Electric alternatives
Deep-cycle batteries differ from starting-lighting-accessory batteries – often called SLA batteries – in their ability to discharge a greater share of their capacity and accept multiple recharging.

Shore power gets its name from plug-in electrical systems used on boats when docked. The vehicle is internally wired to use household current for HVAC and hotel loads. Electricity is obtained by plugging into outlets on bollards or posts at assigned parking places, usually after payment of a time-based fee.

A side benefit of shore power systems is that they can be constructed relatively quickly and inexpensively in freight yards, terminals, rest areas and truck stops.

Shore power, or truck-stop electrification as it is sometimes called, contrasts sharply with IdleAire, which is a pay-as you-go service requiring almost no financial investment to equip your truck. Generally all you need to hook up to IdleAire is a $10 window template.

IdleAire does require a substantial investment in infrastructure at truck stops or other locations. It also requires dedicated parking spaces, which may or may not be occupied by paying IdleAire customers.

Hybrid solutions
Hybrid units that meet the California regs are also available. They use a combination of electric-powered air conditioning, inverters for hotel loads, cold storage and fuel-fired heaters. Electric climate control is considered low-polluting or zero-polluting, depending on the source of power generation.

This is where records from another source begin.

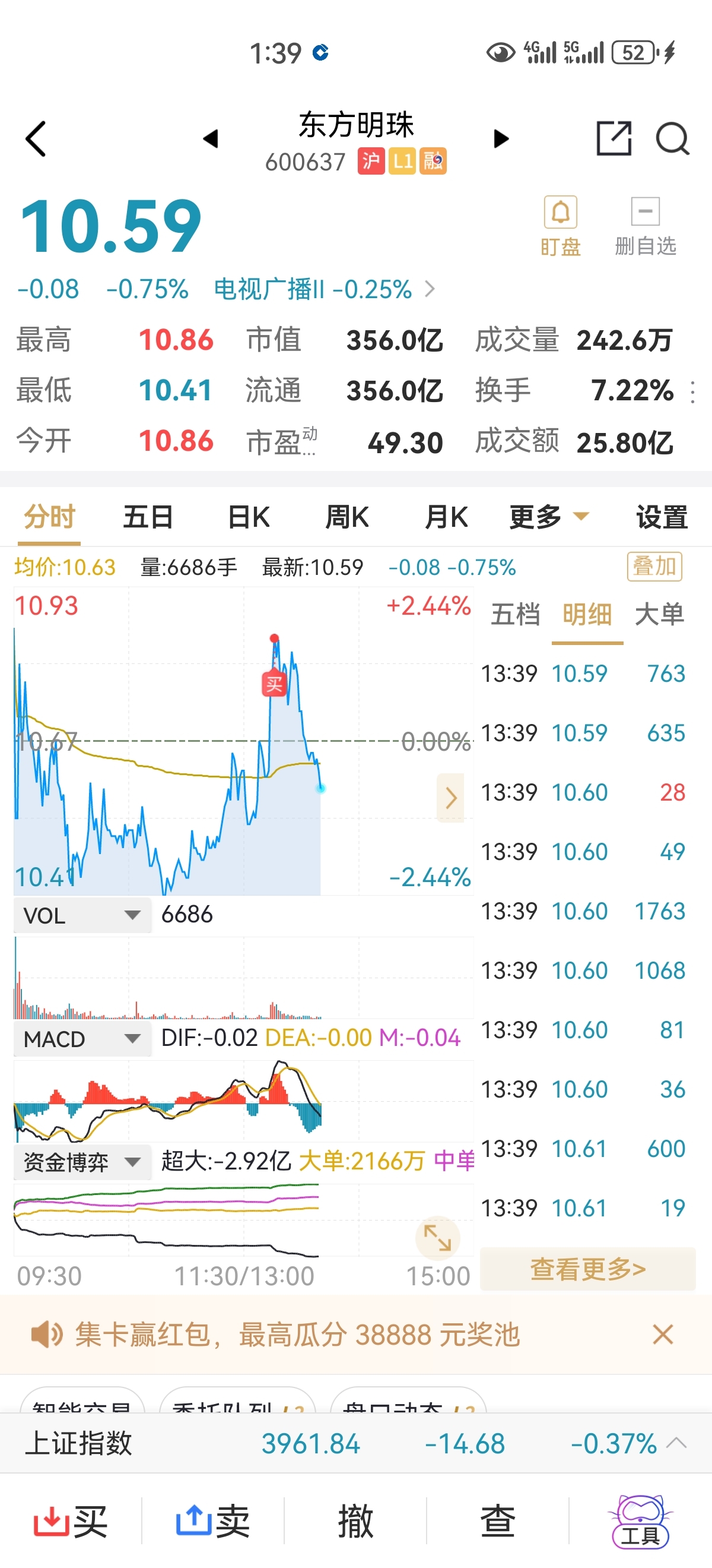 $东方明珠(SH600637)$ 我就买了一手 天塌啦 哈哈
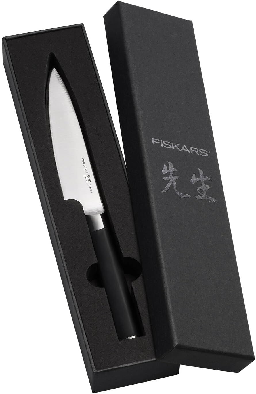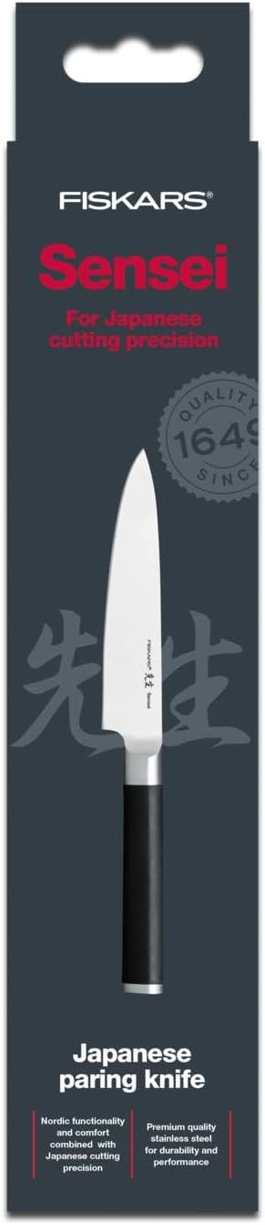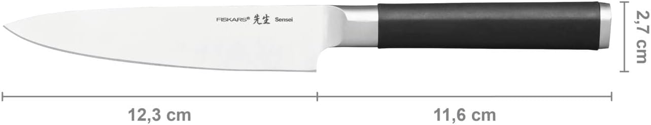 - Lieferumfang: 1x Fiskars Sensei Gemüsemesser, Klingenlänge: 12 cm, Gesamtlänge: 23,9 cm, Gewicht: 85 Gramm, Material: Rostfreier Stahl mit hohem Kohlenstoffgehalt/Kunststoff, Farbe: Silber/Schwarz, 1024272
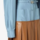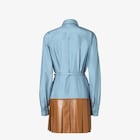 쇼트 셔츠 드레스. 셔츠 칼라와 롱 슬리브. 가슴 포켓. 웨이스트라인 솔기 및 플리츠 스커트. 눈에 보이는 앞면 버튼 잠금. 라이트 블루 컬러 실크 포플린 소재, 더블 레이어 효과의 브라운 컬러 나파 가죽.
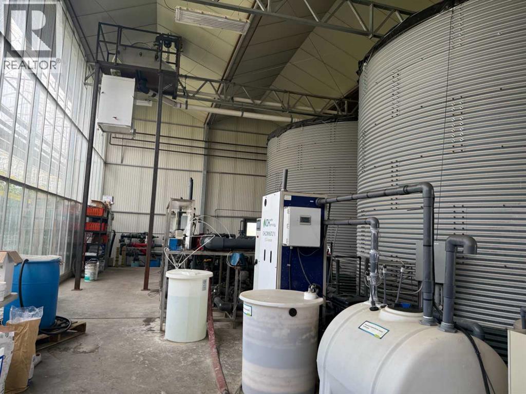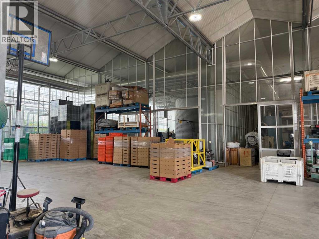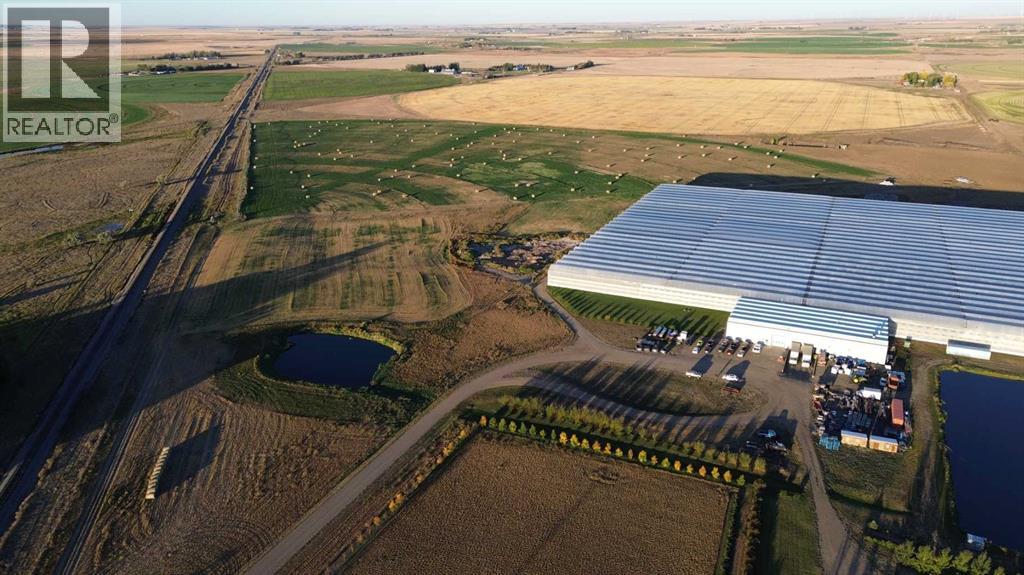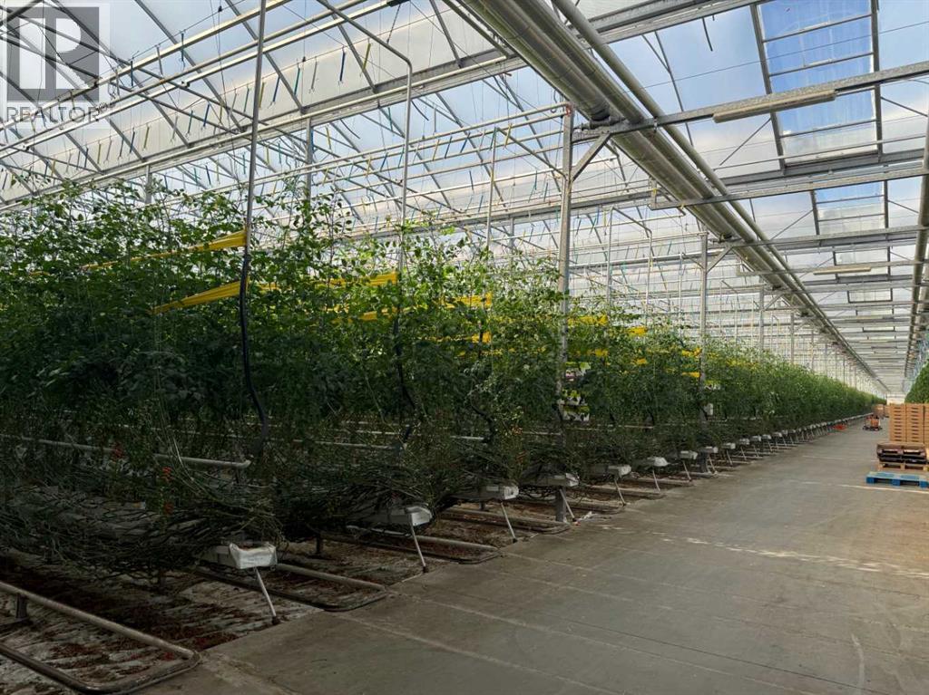 Modern 10-Acre Greenhouse Facility on 93 Irrigated Acres – Near Medicine Hat, Alberta. Outstanding opportunity to acquire a modern, large-scale greenhouse operation located just 15km from Medicine Hat. This 93-acre irrigated property is zoned Horticulture, offering significant room for expansion and future development. The centerpiece of the property is a state-of-the-art 10-acre (419,328 sq. ft.) Venlo-style poly greenhouse featuring 26 bays (24’ x 672’ x 21’ gutter height) designed for efficient, high-output production. The operation is supported by an 84’ x 170’ Venlo shop that houses the boiler and irrigation rooms (separated by glass walls) and includes a fully air-conditioned office, accessible washrooms, lunchroom, and mezzanine—all built to commercial code standards. A 17’ x 11’ walk-in cooler provides additional storage capacity. The water management system is designed for sustainability and efficiency. Rainwater is collected from the greenhouse roof and directed to a 5,000,000-gallon dugout, which is replenished via the SMRID system during summer months to ensure ample supply through the winter. Heating is provided by two 800 HP Crone boilers with Zantingh burners, distributing heat through an integrated pipe and rail system that doubles as transport for electric and hand carts. Key operational highlights include:-CO2 capture system improving plant growth and heat efficiency-Central inflation system for optimal insulation-Argus Titan climate and irrigation control software with 24-hour support-Backup diesel generator with automatic switchover-Fog cooling system for summer operation-Two 41,000-gallon water silos (fresh and recirculated) with advanced filtration-Electric, hand, and maintenance carts included. The property also features a modern Valley pivot with pumping unit irrigating approximately 40 acres of hayland, and a wheel line with PTO pump servicing an additional 10 acres. A 2007 mobile home (20’ x 76’, 1,520 sq. ft.) provides comfortable on-sit e accommodation with 3 bedrooms, 2 bathrooms, central air conditioning, and a 14’ x 24’ deck—ideal for staff housing or management use. Currently employing approximately 35 workers through the Foreign Worker Program, the operation packages its produce through Redhat Co-op in Redcliff, located just 22 km away. The property is easily accessible, with a paved road within 800 meters of the entrance. This well-maintained and fully equipped facility represents a rare opportunity to acquire a turnkey commercial horticultural enterprise with modern infrastructure, expansion potential, and excellent logistics in a prime Southern Alberta location. (id:63190)
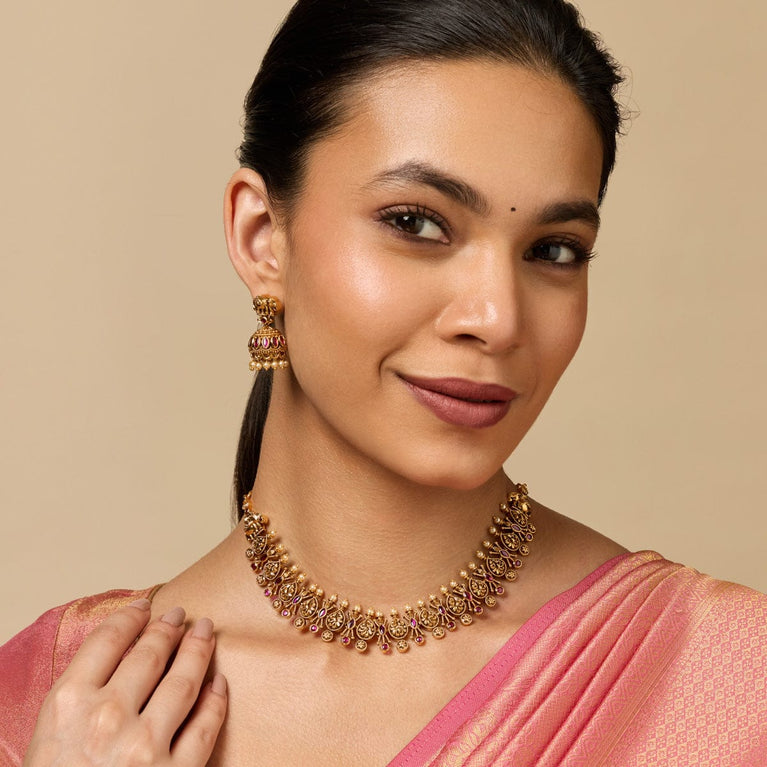 Kushal's Fashion Jewellery Flower Motif Antique TikkaIdeal for those who appreciate the charm and elegance of a decent look! Crafted with precision, our antique tikka boasts a queenly allure that never fails to wow. It's encrusted with brilliantly gleaming synthetic ruby and green-coloured stones, which adds an irresistible sparkle to your regal charm. Known for its decent appearance, it blends the traditional aesthetic with a contemporary sensibility.
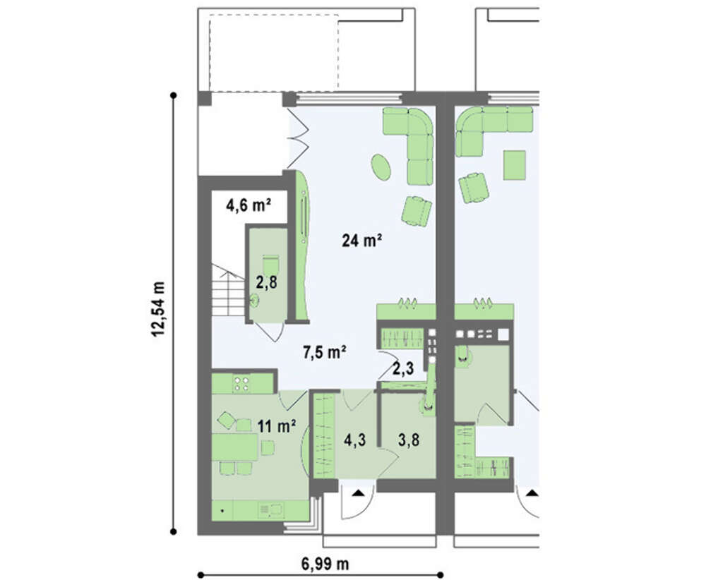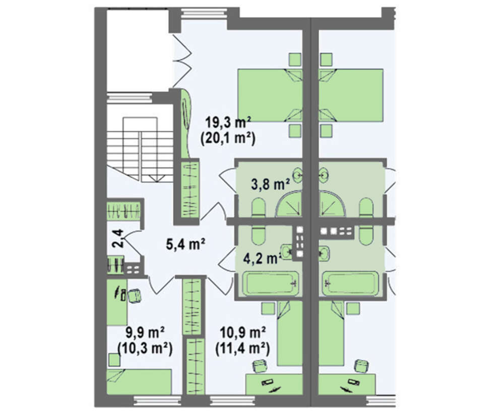• 4M562 Проект двухэтажного модернового коттеджа на 2-е семьи с раздельными входами
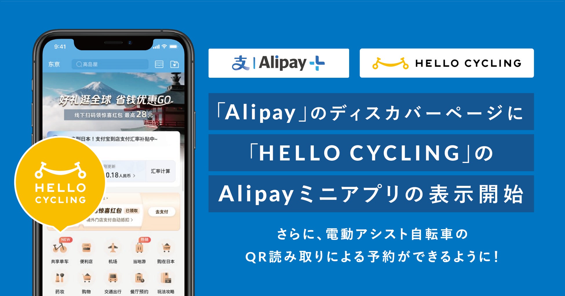 OpenStreet株式会社(本社:東京都港区、代表取締役社長CEO:工藤 智彰、以下「OpenStreet」)は、アントグループ(CEO:井賢 棟)が展開する中国最大級決済サービスで、「Alipay+(アリペイプラス)」の提携Eウォレットである「Alipay(アリペイ、中国語:支付宝)」内で提供している「HELLO CYCLING」が利用できるミニアプリにおいて、「Alipay」アプリのディスカバー(中国語:恵出境)ページへの表示を2024年4月25日から開始したことをお知らせします。さらに、ステーション看板上POPのQRや電動アシスト自転車に搭載しているスマートロックのQRを読み取るだけで自転車の予約が完了する機能の提供を開始しました。
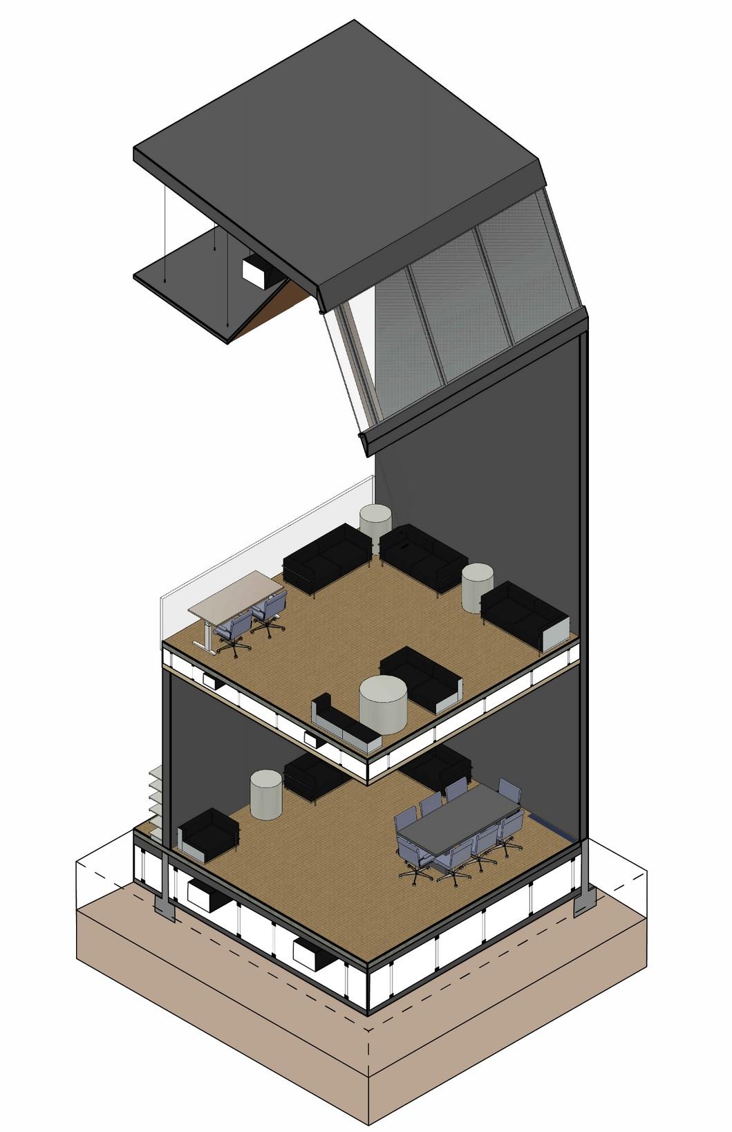 Section displaying the sawtooth roof and how I relates to the massing underneath. The roof was developed from Climate Studio studies.

Hybrid systems combine two or more energy sources for idle reduction, usually batteries or APUs for air conditioning and fuel-fired heaters for heat.

In California, fuel-fired heaters used on trucks with 2007 or newer engines must meet emissions standards specified in the state’s Low Emission Vehicle Program. To date, only Espar has been certified to meet that standard, but its competitors are expected to announce certification soon.

Thermal storage systems route cooled air through special ducts from the truck’s air conditioner when the engine is running. The cooled air chills chemicals that effectively store the A/C output. With the engine off, air blown over the units release heat to maintain cab temperature. The units absorb the heat from the cab air.

Seeking certification
Some APU manufacturers are working to develop units that meet California standards in stand-alone form. Others are trying to partner with engine makers to offer integrated, certified packages. However, engine builders may be reluctant to put a great deal of effort into third-party systems.

Truck OEMs such as Kenworth, Peterbilt and Mack offer HVAC devices that, because they are powered by deep cycle batteries, will be legal for use in California after the new rule for ’07 models and newer trucks goes into effect in January 2008.

Bergstrom’s NITE system using deep cycle batteries for air conditioning and Espar’s California certified fuel-fired heaters will also meet regulations. Drivers have expressed concerns, however, that batteries may lose sufficient power to cool effectively at extreme temperatures in the California desert.

The California regulations will apply to all trucks – but not RVs or motor homes – operating in the state. It won’t matter whether you’re picking up, delivering or just passing through, if your truck has an ’07 or newer engine, the rule will apply to you.

Previously, California regulations applied only to vehicles sold or registered in the state.

Questions have been raised as to whether this new approach violates the Interstate Commerce Clause of the U.S. Constitution because California is mandating equipment on trucks from other states. If a truck can legally operate in all other states, can California put additional restrictions on it when it enters, even if it is driving through and not doing business there?

That will be a challenge for the lawyers to handle.